Hacker investigado em esquema ligado ao Banco Master é preso em Dubai

Polícia Federal aponta que grupo atuava para remover reportagens negativas e publicar conteúdos de interesse de Daniel Vorcaro

Publicado em 16 de maio de 2026 às 18:16

Polícia Federal aponta que grupo atuava para remover reportagens negativas e publicar conteúdos de interesse de Daniel Vorcaro
Polícia Federal aponta que grupo atuava para remover reportagens negativas e publicar conteúdos de interesse de Daniel Vorcaro Crédito: Reprodução

Neste sábado (16), a Polícia Federal confirmou a prisão do hacker Victor Lima Sedlmaier, investigado por participação em um esquema ligado ao Banco Master e ao empresário Daniel Vorcaro. O suspeito foi detido em Dubai, nos Emirados Árabes Unidos, durante desdobramentos da operação Compliance Zero.

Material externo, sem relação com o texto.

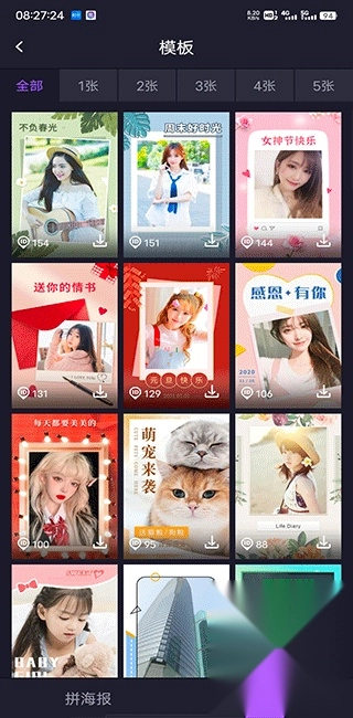 2、选择【拼海报】功能进入,这里为用户提供了大量海报模板,所有模板都可供用户使用。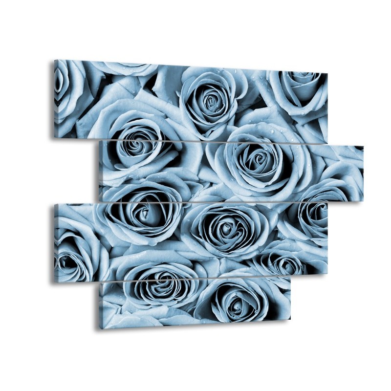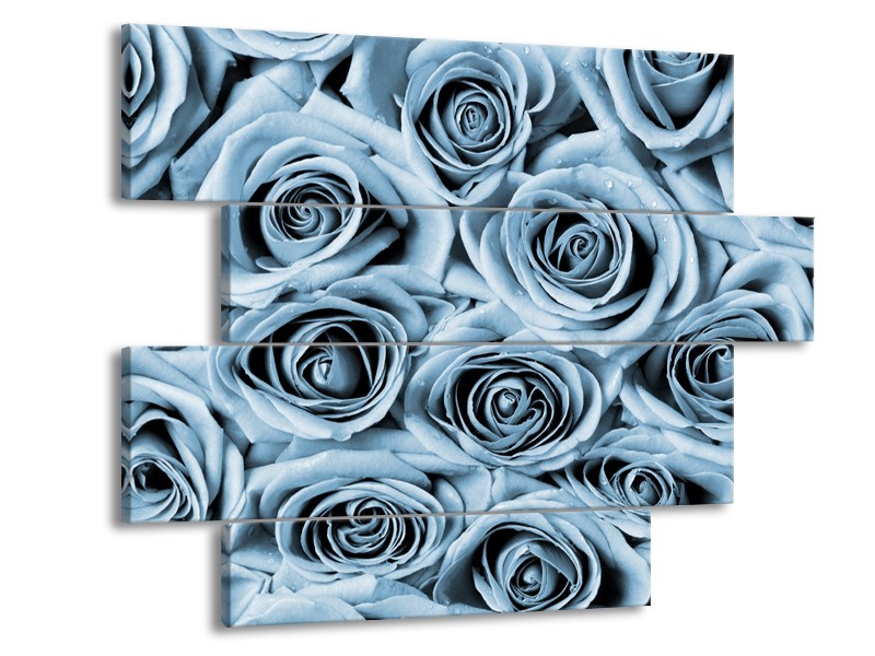 Glasschilderij Bloemen, Roos | Blauw, Grijs | 115x85cm 4Luik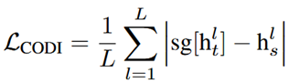 CODI loss는 student/teacher 모델에서 정답 직전 토큰의 hidden state를 정렬시키기 위한 손실 함수이다. Teacher 모델에서 Student 모델로 지식을 증류시킬 것이므로 sg(stop gradient)를 통해 teacher에 gradient가 흐르지 않도록 한다.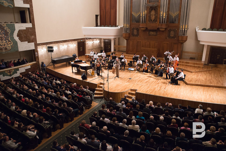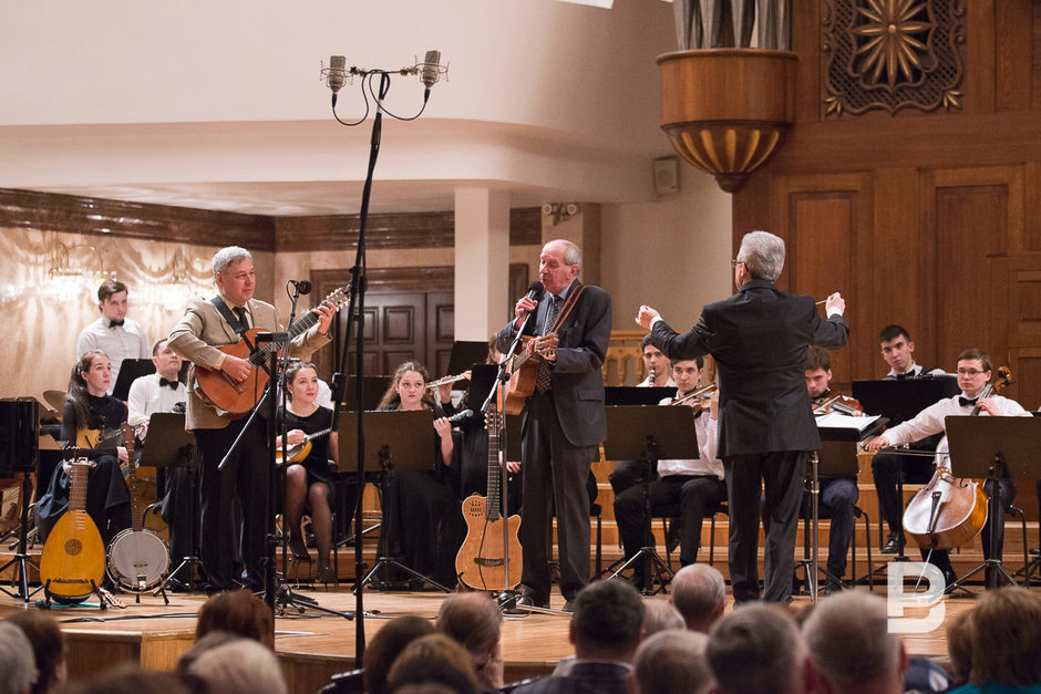 Сегодня в БКЗ им.Сайдашева прошел необычный вечер авторской песни. Известные казанские авторы-исполнители Владимир Муравьев, Валерий Боков, Сергей Бальцер, Юлия Зиганшина, Яков Маргулис, Виталий Харисов, Виктория Харисова, Эдуард Туманский впервые выступили в сопровождении оркестра Казанской консерватории Tatarica под управлением профессора Казанской консерватории Рината Халитова.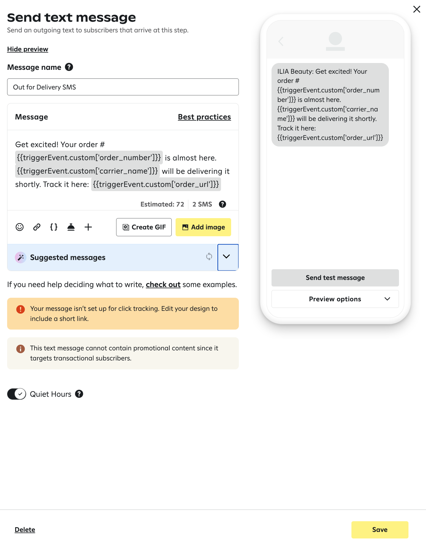 Since SMS messages don’t require much formatting and should be clear and concise, it’s easy to build the message copy while you’re building your Attentive journey.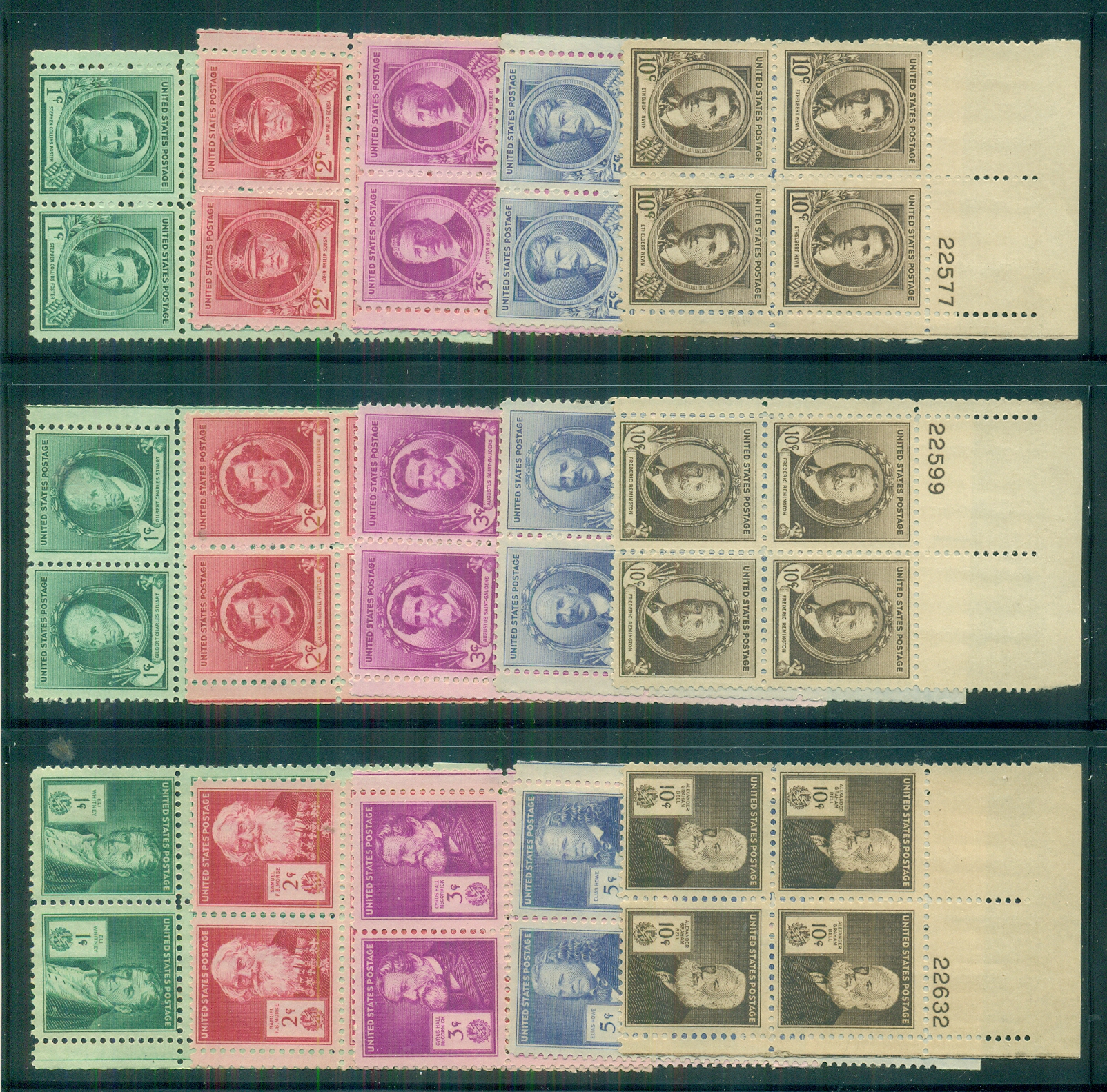 Complete Famous Americans set in Plate No. Blocks of 4, og, NH, VF, Scott $245.70, $105.00 |
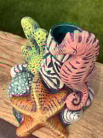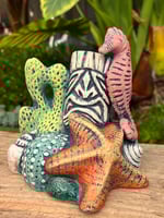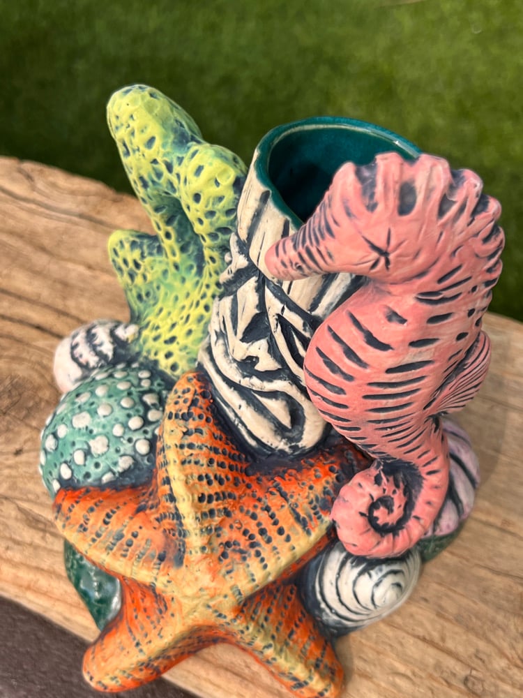 Nestled in among the colorful coral and lively starfish, the seahorse curls its way around a sunken tiki along the ocean floor. Dancing with color and fun coral shapes is this sea life inspired mug.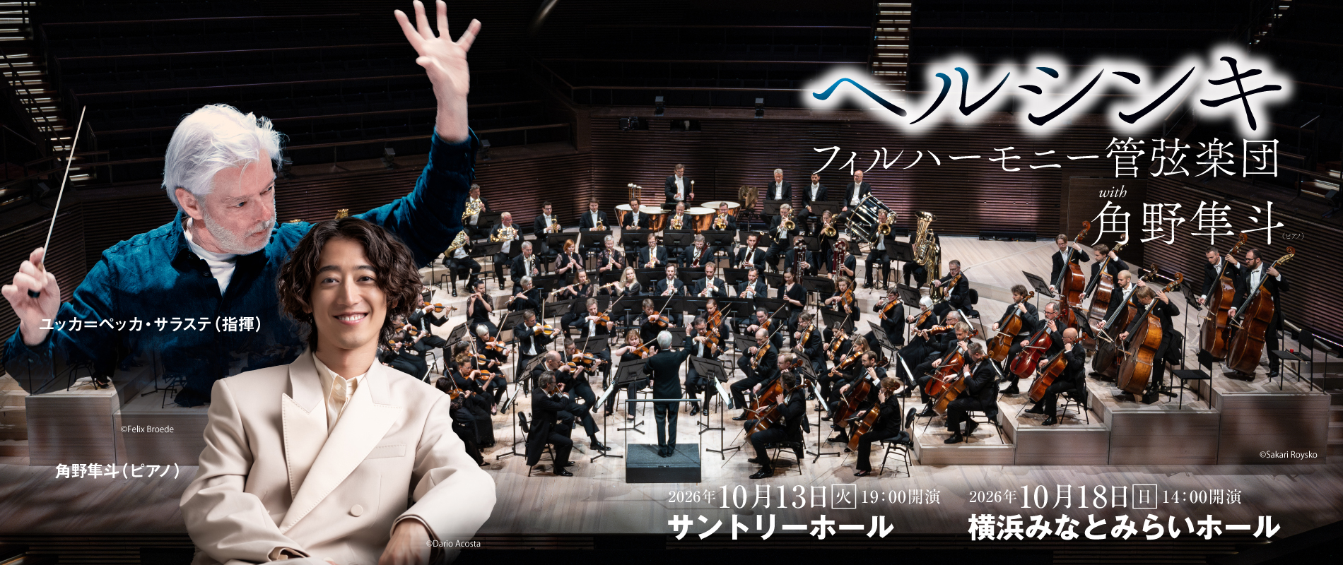 2026年2月1日公演情報OkeieNatsumi【公演情報】ヘルシンキ・フィルハーモニー管弦楽団 with 角野隼斗2026年10月「ヘルシンキ・フィルハーモニー管弦楽団 with 角野隼斗」の公演情報を公開しました。 シベリウス交響曲を初演。“真のシベリウス”を体現する北欧最古の名門、44年ぶりに来日! 深化を続けるピアニスト角野隼 […]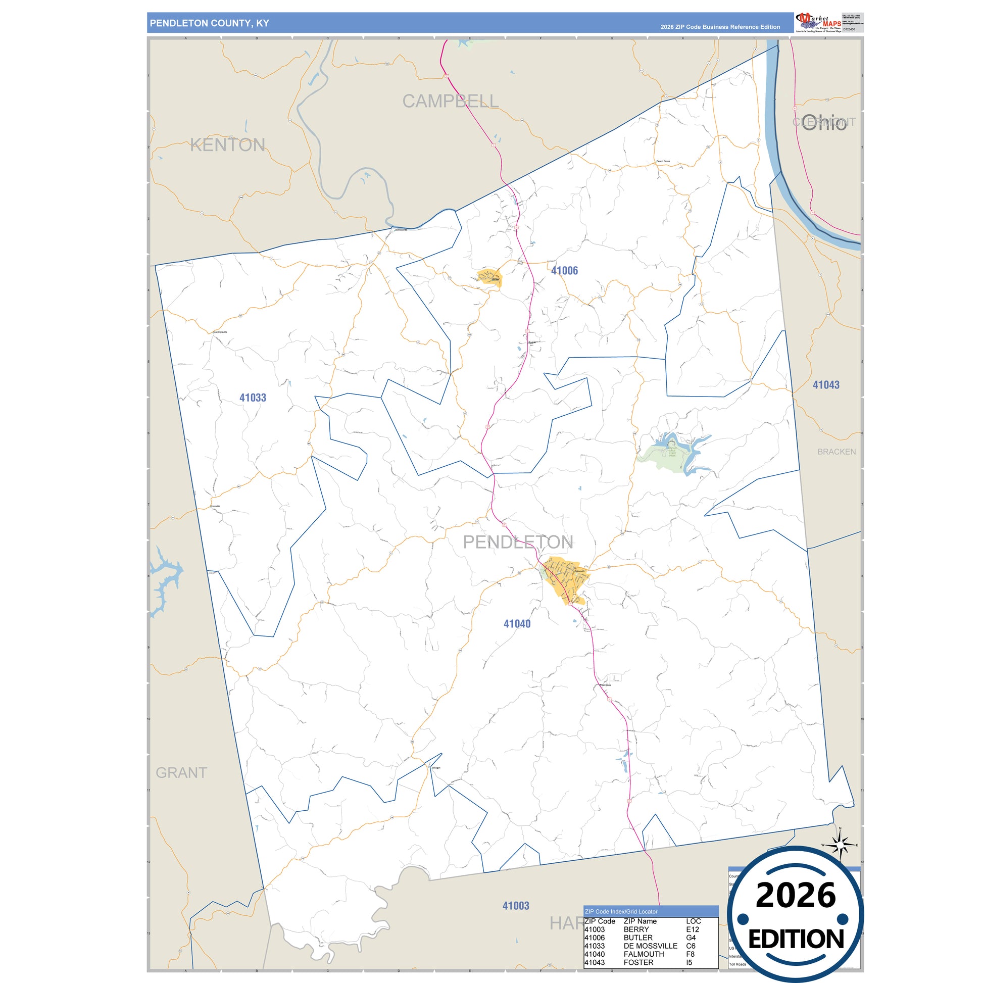 The Business Reference Style Pendleton County, KY is a detailed map that includes all towns, cities, major roadways, and highways. Available in multiple wall map sizes, perfect for home, school, office, or business display.

Segundo as investigações, Victor fazia parte de um grupo de hackers conhecido como “Os Meninos”, apontado pela PF como responsável por ataques cibernéticos e ações para retirar do ar reportagens negativas envolvendo o grupo Master. Os investigadores afirmam ainda que o grupo também publicava conteúdos de interesse do empresário, ex-dono do banco.

Victor Lima Sedlmaier era alvo de mandado de prisão e deve desembarcar no Brasil pelo aeroporto de Guarulhos, em São Paulo. Além dele, a PF investiga David Henrique Alves e Rodrigo Pimenta Franco Avelar Campos por participação no esquema.

De acordo com a Polícia Federal, os hackers recebiam cerca de R$ 35 mil por mês para atuar como um “braço tecnológico” ligado ao então banqueiro. As investigações avançaram após a descoberta de um grupo de WhatsApp chamado “Os Meninos”, onde seriam discutidas ações em favor de Vorcaro.

A PF afirma que os pagamentos ao grupo eram feitos por meio de Felipe Mourão, conhecido como “Sicário”. Ele morreu após tirar a própria vida na carceragem da corporação durante uma das fases da operação.

A fase mais recente da Compliance Zero, deflagrada na última quinta-feira, também teve como alvo Henrique Vorcaro, pai de Daniel Vorcaro.

Segundo os investigadores, mensagens apreendidas indicam que o grupo continuava atuando mesmo após as fases anteriores da operação. Uma delegada afastada da PF e um agente da corporação também foram citados na investigação.